Abstract:
Problem: The dawn of the multimodal search systems in the e-commerce domain has been
promising with an expansion of the variety of online product catalogs. These multimodal systems
present forward a challenge for efficient retrieval recommendation systems in a unified space. The
existing traditional e-commerce systems struggle to focus the user query to give a relevant product
recommendation at the end of the retrieval stage where they mostly rely on unimodal approaches.
This project explores this gap through developing an efficient multimodal retrieval system utilizing
the ColPali architecture where the product images and captions are mapped effectively into a
unified space to ultimately produce accurate and context-aware product recommendations.
Methodology: This research proposes a vision language model to generate contextualized vector
embeddings using a product catalog as an input.
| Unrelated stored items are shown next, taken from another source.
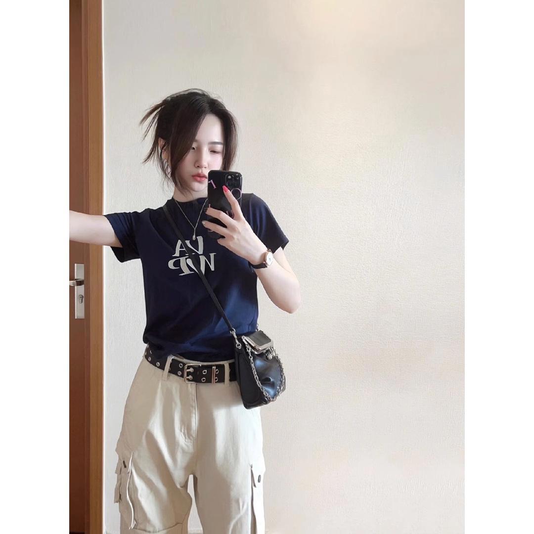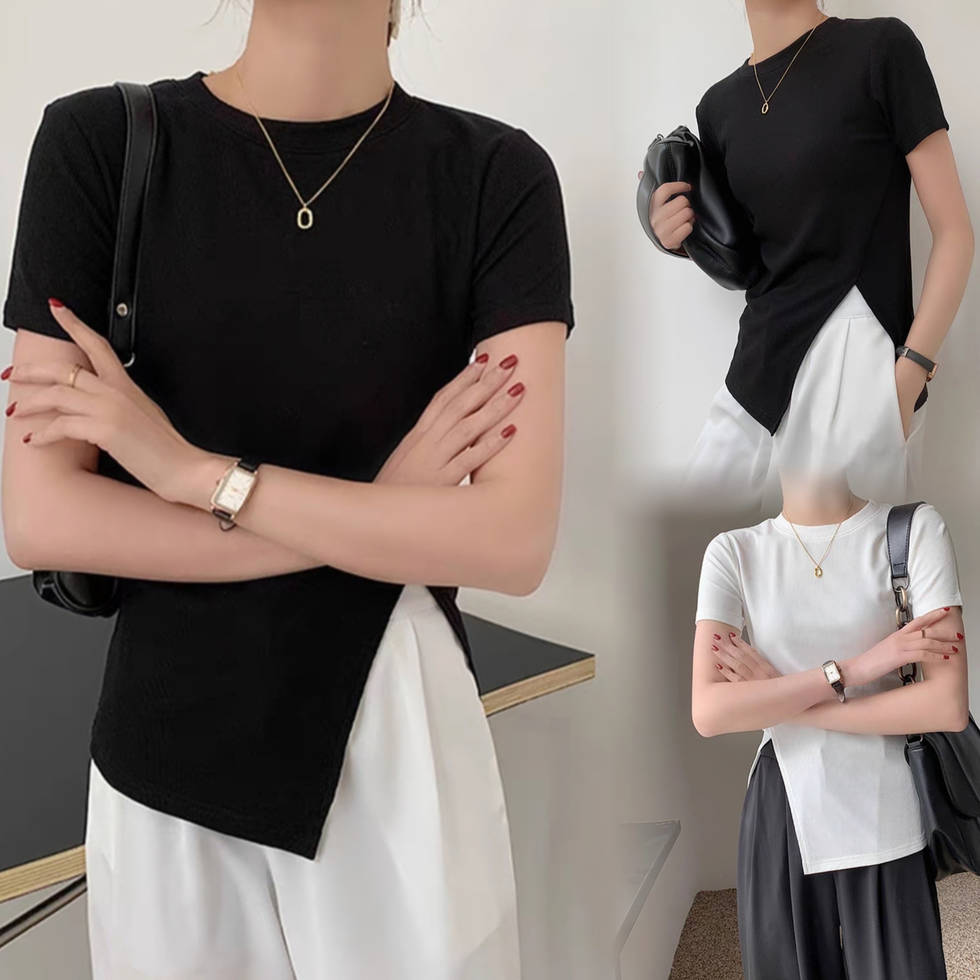 2025年新款别致高级感开叉不规则黑色短袖t恤短款上衣女夏季ins潮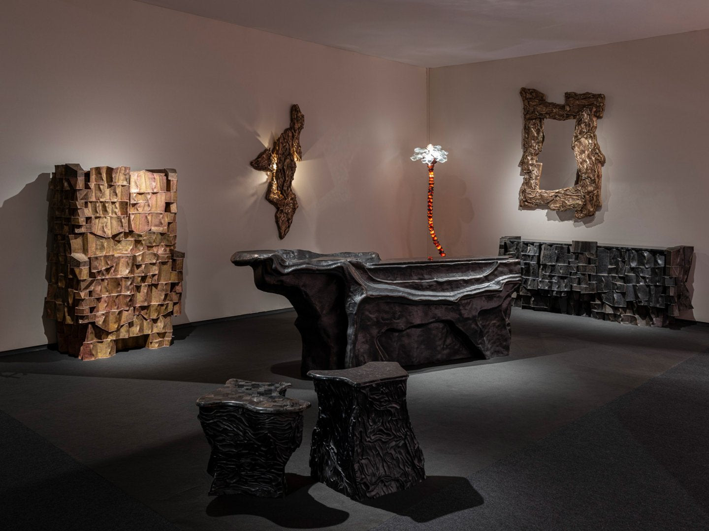 The hero exhibit, the large Mesa console, is made from brass and topographical in its textures, evoking the contours of the earth from a bird’s eye view.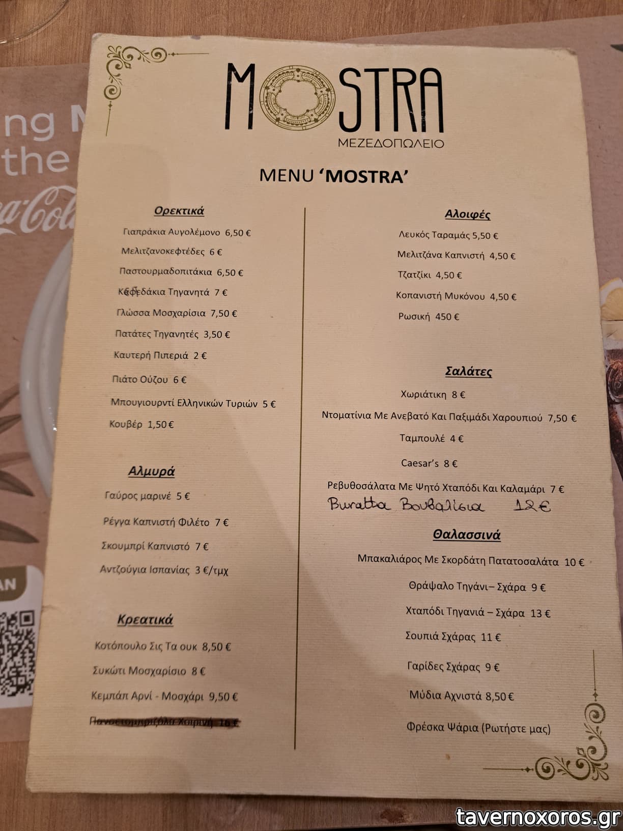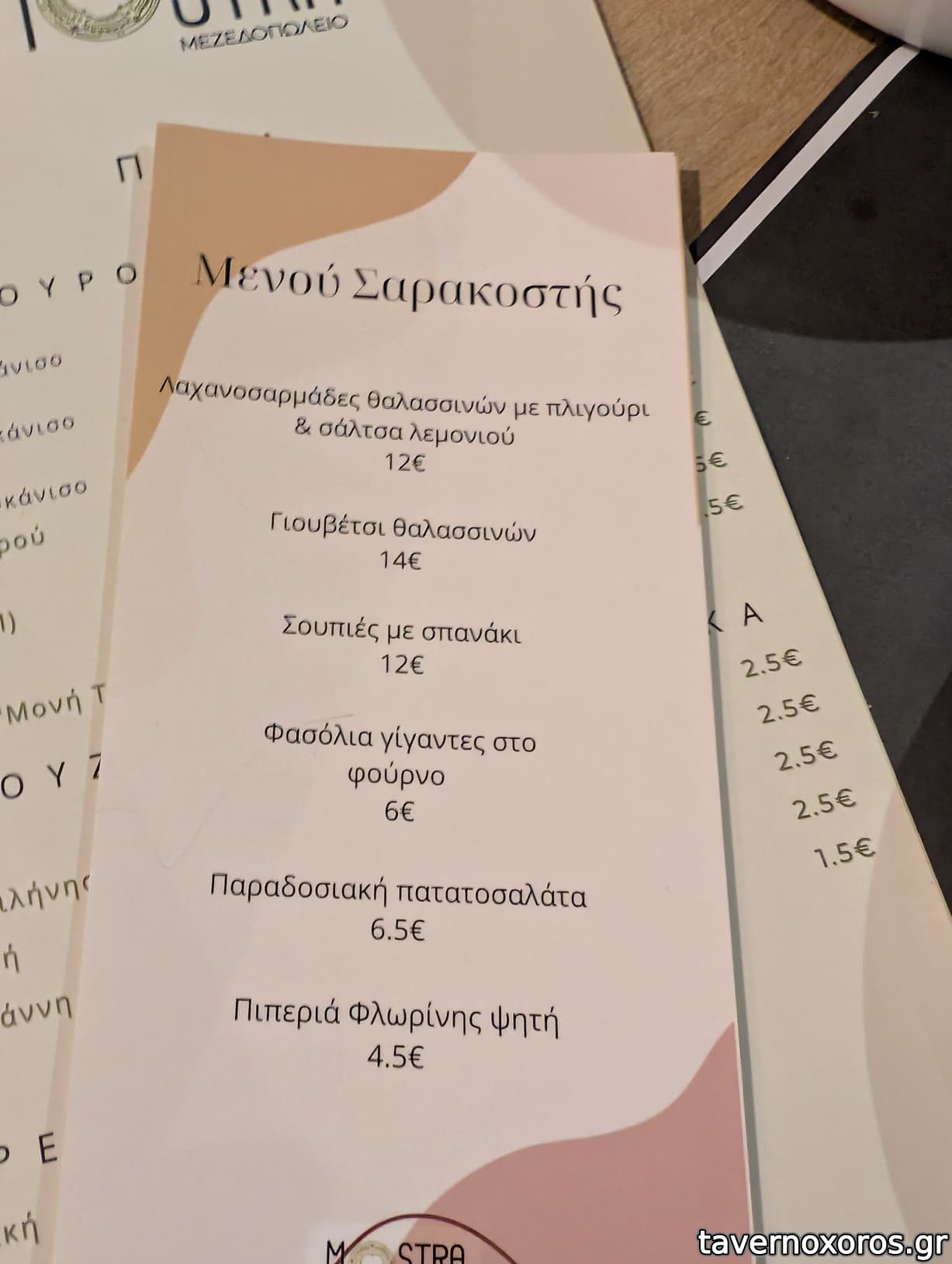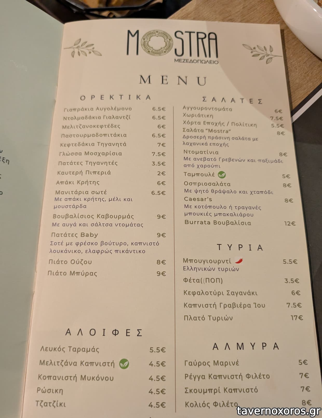 | Λέξεις κλειδιά | Μόστρα, #κοπανιστή, #γιαπράκια, #πανσέτα, #μπιφτέκι, #παστουρμαδόπιτα, #κεφτεδάκια, #ταμπουλέ, #γλώσσα μοσχαρίσια, #ρέγγα, #θράψαλα, #σουπιές, #χταπόδι, #γαρίδες, #μύδια, #μπακαλιάρος σκορδαλιά, #αρνάκι γάστρα, #λουκάνικο, #τηγανιά, #σουτζουκάκια, #μανιτάρια, #ντολμαδάκια, #μελιτζανοκεφτέδες, #απάκι, #καβουρμάς, #βουβάλι, #πλατώ τυριών, #γαύρος μαρινάτος, #κολιός παστός, #κοτόπουλο, #συκώτι τηγανητό, #χοιρινή, #σουπιά κρασάτη, #μυδοπίλαφο, #γαύρος, #σαρδέλα, #κουτσομούρες, #πεσκανδρίτσες, #ψαρόσουπα, #ζυμαρικά |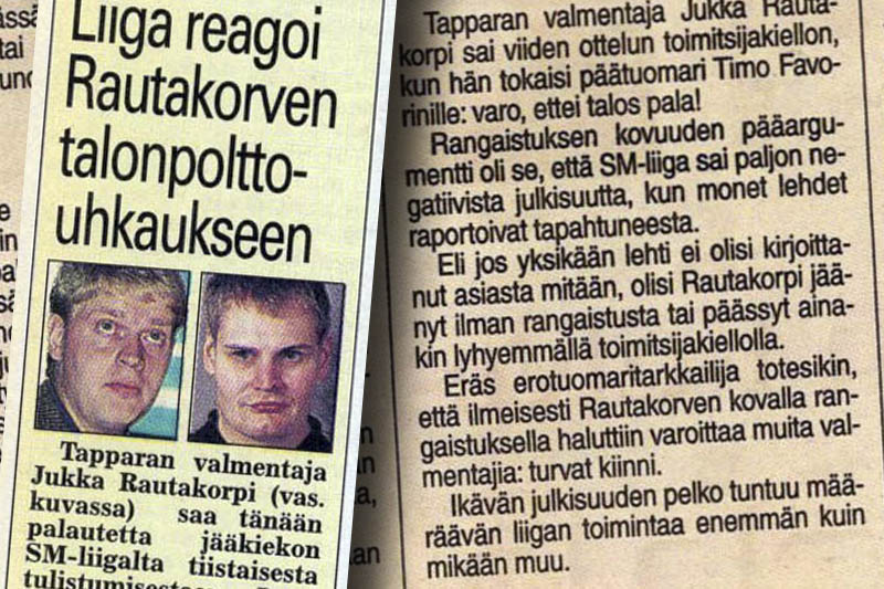 Urheilumedia tykkää värikkäistä persoonista ja rakastaa räväköitä lausuntoja. Joskus medialle ei kuitenkaan riitä se, mitä sanotaan ja tarkoitetaan, vaan se vääntää pahassa tarkoituksessa asiat vielä enemmän kohua aiheuttavaan eli myyvempään muotoon. Sen sai huomata Tappara-valmentaja Jukka Rautakorpi syksyllä 1999 Lappeenrannassa, kun hänen kuumapäissään heittämänsä varomattomat sanat eivät menneetkään yhdestä korvasta sisään ja toisesta ulos ja unohtuneet minuutissa niin kuin niiden olisi pitänyt, vaan jäivät seuraamaan häntä koko loppu-uran ajaksi.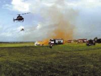 techniky z hořícího hangáru, předvedení vodního vznášedla, výcvik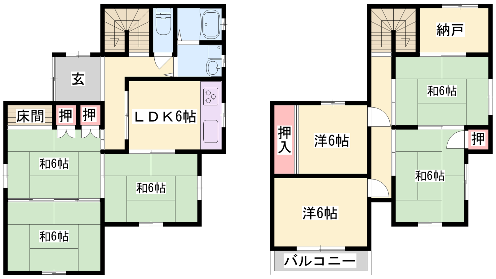 - LDK6帖、洋室6帖、洋室6帖、和室6帖、和室6帖、和室6帖、和室6帖、和室6帖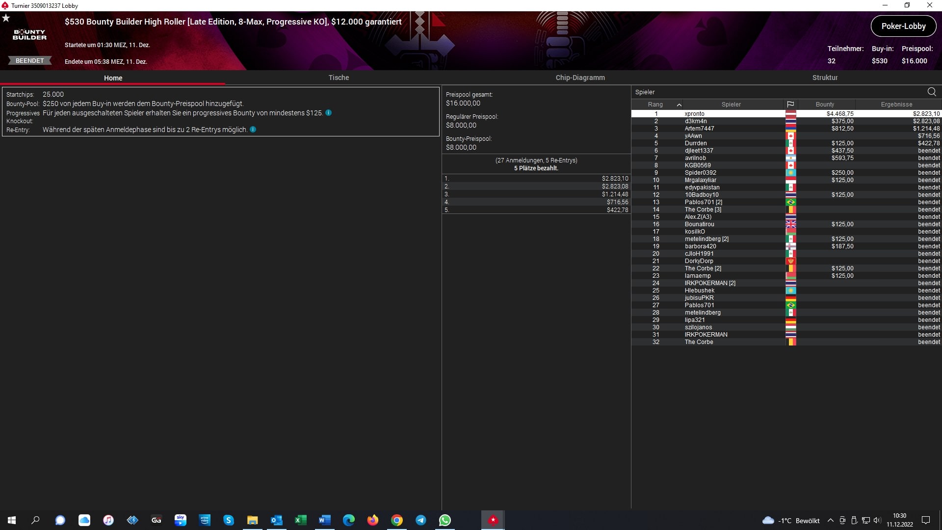 Dann gab es noch Siege für, „000000000136“ (MLT – $1.473 + $3.761 Bounties) beim $320 Bounty Builder, Anton „aJarov“ Yakuba (UKR/THA – $2.516 + $4.031 Bounties) beim $530 Daily Cooldown und für „xpronto“ (LAT – $2.823 + $4.468 Bounties) beim $530 Bounty Builder High Roller Late-Edition Event.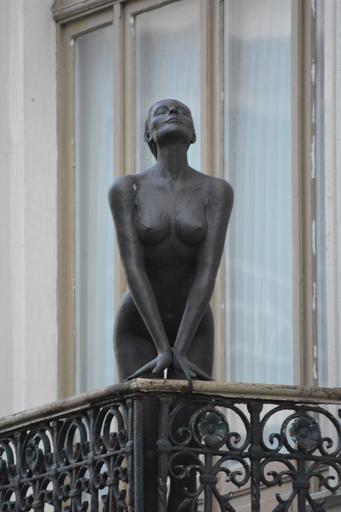 Keywords: statue brass woman nude breasts balcony art object belgium oostende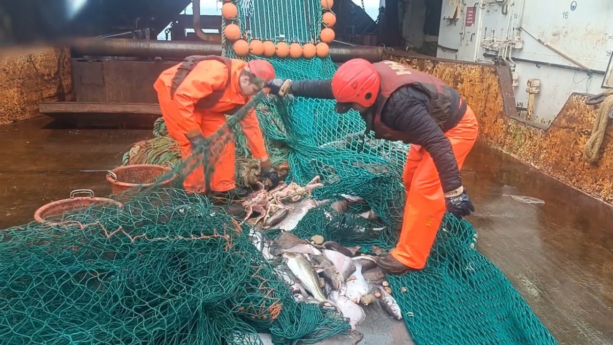На опубликованных кадрах с судна видны рыболовные сети, а также добыча – рыбы и крабы.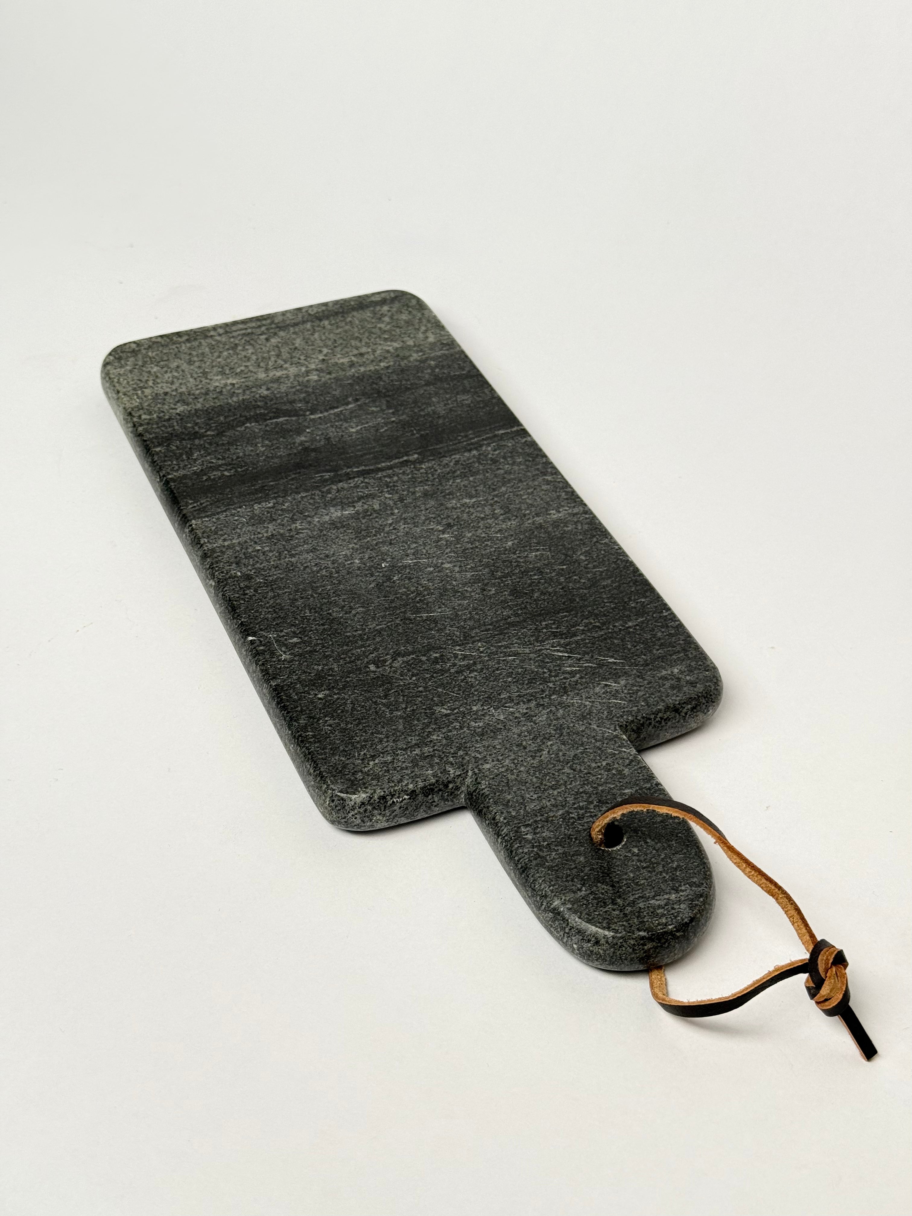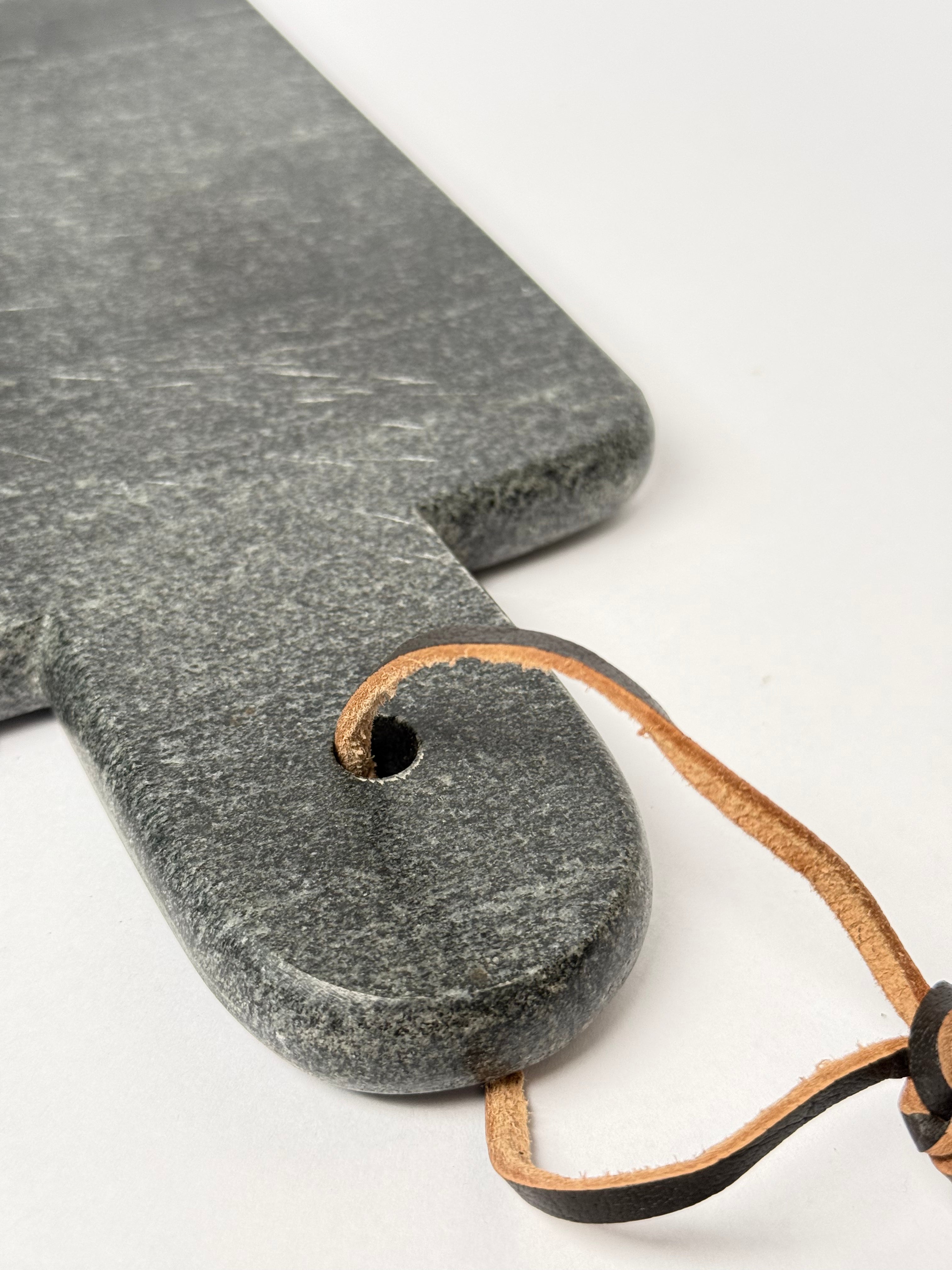 A rectangular marble cutting board with a rounded handle and leather hanging loop. Featuring natural stone veining and a honed finish, this piece functions as a serving board, prep surface, or decorative kitchen accent with timeless, minimalist appeal.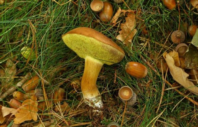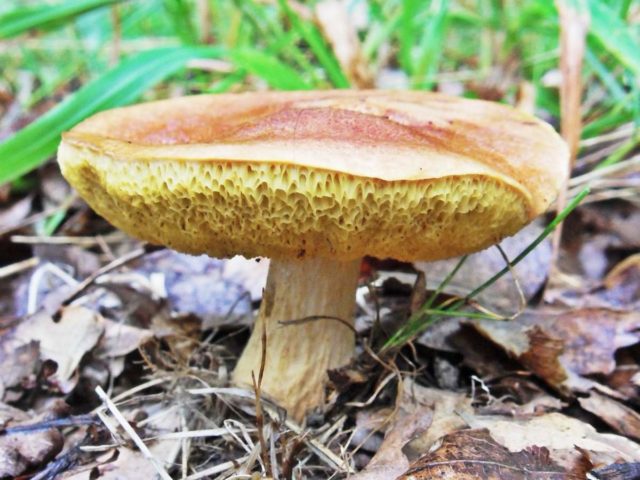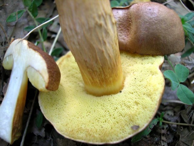 - Die untere Ebene der Kappe ist röhrenförmig, gelb, wenn sie erscheint, wird mit zunehmendem Alter grünlich.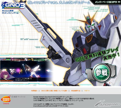 Gundam Network Operation 3 遊戲類型: 大型多人線上模擬策略遊戲(MMOSLG) 對應OS : WindowsXP/Vista/7(Windows7 32bit版、64bit版皆有對應) 發售廠商: BANDAI NAMCO ONLINE股份有限公司 月 費: 信用卡付費 1個月1,155日圓(含稅) 7-11付費・WebMoney付費・DOCOMO行動電話付費 3個月3,780日圓(含稅) |

These embeddings are projected into a 128-
dimensional vector space and stored in a vector database for the retrieval where all the above
processes occur in an offline stage. When a user is passing a query into the system, it undergoes a
similar embedding generation process to maintain the nature of the embeddings. And similarity
search systems will be used to fetch the efficient and relevant product suggestion with the
integration of the late-interaction mechanism.
Testing: The proposed approach with the above mentioned methodology and problem has not been
attempted and the system reaches an accuracy of 89% during the testing and evaluation phase
which outperforms the base model trained on. Along with that the proposed approach exhibits
better metrics in terms of NDCG, Precision, Recall, F1-Score etc. as well. The model trained shows
a better performance in the vidore benchmarking which is a best-fitting benchmark for the colpali
model which is quite evident in producing most relevant top-k retrievals by making the proposed
approach achieve a greater milestone in the field of e-commerce multimodal search domain.